The acquisitions and knowledge of the Computer Sciences are combined with the methodological approaches and theoretical models of Text Analysis and Philology, thus contributing to the transformation of the ways in which literary, archival and library documents are preserved, used, studied and published.

Natural Language Processing and Knowledge Management
Development of methods, models and techniques based on symbolic and probabilistic algorithms and neural networks for Natural Language Processing (NLP) tasks in its different varieties of use and with a focus on the Italian language, and for the extraction and representation of knowledge encoded within texts.
The technological solutions proposed meet the needs of "intelligent" information research and management within large document bases in continuous evolution and can be used in numerous applications to meet the needs of society.

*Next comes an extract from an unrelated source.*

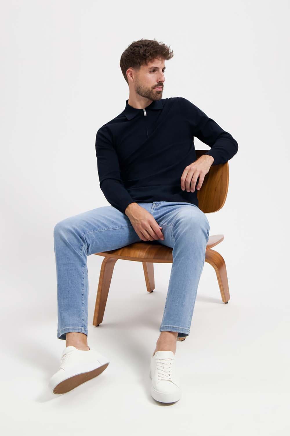 Jeans 5-Pocket Indigo van North.84 biedt casual stijl met een normale taille, voor- en achterzakken, en een knoop- en ritssluiting. Deze straight fit jeans heeft een slimfit pasvorm en een effen patroon, perfect voor elke gelegenheid.
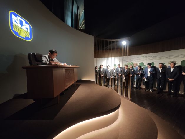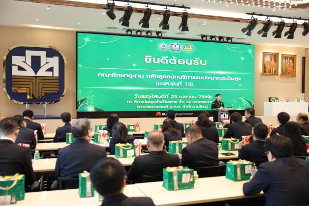 นายฉัตรชัย ศิริไล ผู้จัดการธนาคารเพื่อการเกษตรและสหกรณ์การเกษตร (ธ.ก.ส.) พร้อมด้วย นายไพศาล หงษ์ทอง รองผู้จัดการกลุ่มงานธุรกิจ ให้การต้อนรับคณะศึกษาดูงานหลักสูตรนักบริหารการงบประมาณระดับสูง (นงส.) รุ่นที่ 13 สถาบันพัฒนาบุคลากรด้านการงบประมาณ สำนักงบประมาณ นำโดยนางสาวประนิอร เตียวตรานนท์ ที่ปรึกษาสำนักงบประมาณ ได้เข้ารับฟังการบรรยายในหัวข้อ ธ.ก.ส. ธนาคารพัฒนาชนบทที่ยั่งยืน มุ่งสู่การเป็นแกนกลางการเกษตร (Essence of Agriculture) โดยนางสาวไข่มุก จูงใจจารุมาศ รองผู้จัดการกลุ่มงานพัฒนาเศรษฐกิจ และหัวข้อการบริหารจัดการการเงินและความเสี่ยงทางการเงินสู่ความสำเร็จ โดย นางสาวปัทมา ถุงทอง ผู้ช่วยผู้จัดการสายงานบัญชีและการเงิน พร้อมกับที่ได้เข้าเยี่ยมชมพิพิธภัณฑ์และหอศิลป์ของ ธ.ก.ส. ที่จัดแสดงเรื่องราวประวัติความเป็นมาของ ธ.ก.ส. ภายใต้แนวคิด BAAC Journey โดยนำเทคโนโลยี Interactive Wall และ Immersive Art Experience มานำเสนอเรื่องราวความเป็นมาของ ธ.ก.ส. เพื่อสร้างการมีส่วนร่วมของผู้เข้าชมและสื่อสารเรื่องราวที่น่าสนใจและสนุกสนาน พร้อมการจัดแสดงสินค้าแกลมเกษตรของลูกค้าและผนังกระปุก ธ.ก.ส. แห่งความทรงจำ รวมกระปุกออมทรัพย์ ธ.ก.ส. ตั้งแต่อดีตถึงปัจจุบันที่หาดูได้ยากเพื่อให้ผู้เข้าร่วมศึกษาดูงานได้ถ่ายรูปเป็นที่ระลึกอีกด้วย

Language Resources, Standards and Research Infrastructures
Development and management of language resources (computational lexicons, terminological and ontological repositories, corpora), with a focus on the representation of data according to international standards that guarantee their sharing, interoperability and long-term preservation in line with Open Science principles.
The technological solutions developed in this area are aimed at the development of a distributed and cooperative research infrastructure to establish new access, interoperability and sharing functionalities for language resources and tools.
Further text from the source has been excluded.